# Induction vs Gas cooking? Opinions?



## truewho (Mar 4, 2011)

We are putting a new kitchen in a home we just purchased. We are really tossed between the Wolf  gas range with the griddle in the center (gotta love those red knobs!) OR the 36 inch Miele induction cooktop. Super sleek looking. But which is better? We would have to install gas lines for the Wolf, a small added expense, but not a big deal.

We have never cooked on induction before but hear that its great. Opinions? Suggestions?

Thanks!


----------



## carvingtool (Jan 18, 2011)

I have a private chef friend who just put in a 30" Viking induction range in his kitchen remodel (the building he is in doesn't have gas, so he had to go with some form of electric). I've cooked on it once briefly with him. He's told me so far he likes it, but it has some draw backs; the burners are smaller than some of his pans (some 12" +/- skillets - some of which are ScanPan CTX) and if he's making a ragu/ratatouille, the simmering will not extend to the entire perimeter of the pan - the simmering will be confined to the area of the burner. Induction doesn't heat like a gas burner, so the heat in the pan is confined to the area of the element rather than radiating out to the entire area. The temperature control range is not consistent - low is very low and high is high, but in between the dial settings are not what you'd normally think of as incremental. Not a big deal really but something he's had to adjust to.

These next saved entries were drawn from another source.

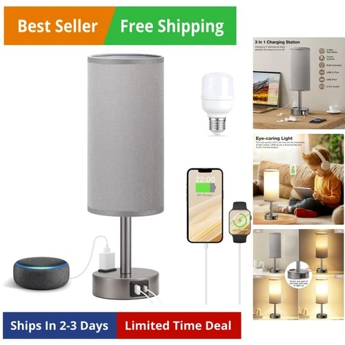 Grey Bedside Table Lamp for Bedroom - 3 Way Dimmable Touch Lamp USB C Chargin...
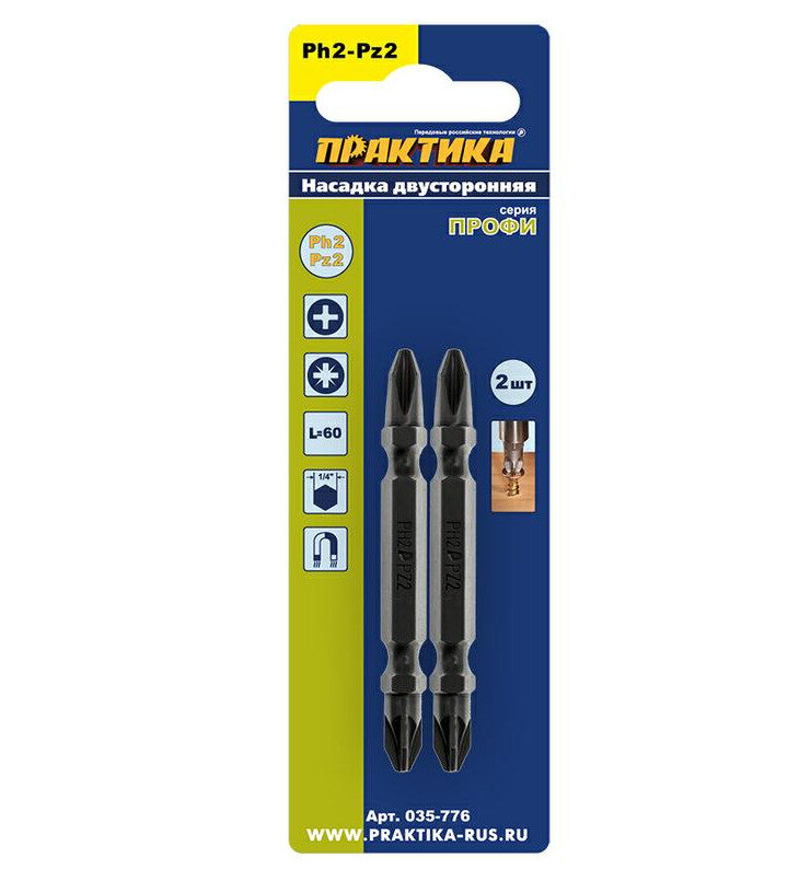 Бита двусторонняя PH2-PZ2 Профи (2 шт; 60мм) ПРАКТИКА 035-776
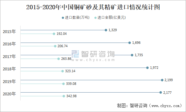 2015-2020年中國銅礦砂及其精礦進口情況統(tǒng)計圖

On the plus side, you turn it off and take off the pan and the surface isn't hot. The surface is all one plane of smooth glass, so clean-up is a breeze compared to taking off the grates and cleaning around gas burners.

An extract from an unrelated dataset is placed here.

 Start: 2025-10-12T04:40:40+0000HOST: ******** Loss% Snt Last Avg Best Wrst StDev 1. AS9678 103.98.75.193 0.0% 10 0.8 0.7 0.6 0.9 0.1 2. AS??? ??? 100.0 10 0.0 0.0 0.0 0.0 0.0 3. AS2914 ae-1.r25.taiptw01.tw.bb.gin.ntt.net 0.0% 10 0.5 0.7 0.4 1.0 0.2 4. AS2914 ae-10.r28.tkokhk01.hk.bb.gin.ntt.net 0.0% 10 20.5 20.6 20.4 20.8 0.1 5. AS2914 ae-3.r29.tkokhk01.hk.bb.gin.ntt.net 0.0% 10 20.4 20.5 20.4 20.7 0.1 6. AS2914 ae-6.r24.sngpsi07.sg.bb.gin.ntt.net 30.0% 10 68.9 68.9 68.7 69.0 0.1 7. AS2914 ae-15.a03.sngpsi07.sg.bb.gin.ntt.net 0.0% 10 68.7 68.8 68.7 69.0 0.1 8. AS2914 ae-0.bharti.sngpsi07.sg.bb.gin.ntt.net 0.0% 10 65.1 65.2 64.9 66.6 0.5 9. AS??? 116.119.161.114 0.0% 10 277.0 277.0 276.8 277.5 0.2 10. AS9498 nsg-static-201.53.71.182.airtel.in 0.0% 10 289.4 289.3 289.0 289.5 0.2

Overall he likes it, but I think if he had a choice, he'd have gone w/ gas. Me personally, I haven't had much time with them, and I'd prolly go with gas too unless I had some revelatory experience.


----------



## phatch (Mar 29, 2002)

If you have a good pan, the heat will radiate through the pan pretty well. Cast iron doesn't do this well on induction, but various clad and disc bottomed pots have worked wonderfully for me. As with any electric system you do have to do some matching to the size of the burner, but if you're reasonably close, it's fine. And that's true for gas too, but it tends to spread more than any other heating system.

A lot of it depends on how much you're willing to spend. There are induction systems that sense the size of your pan and match it. But that costs extra.

It can be very gas like in heating power and response to turning heat up or down. You also often have the option to set temperatures and the burner will hold it. It can be some really cool technology and a marvelous cooktop.

But its quite expensive to get all the nifty features. theinductionsite.com has plenty of worthwhile information.


----------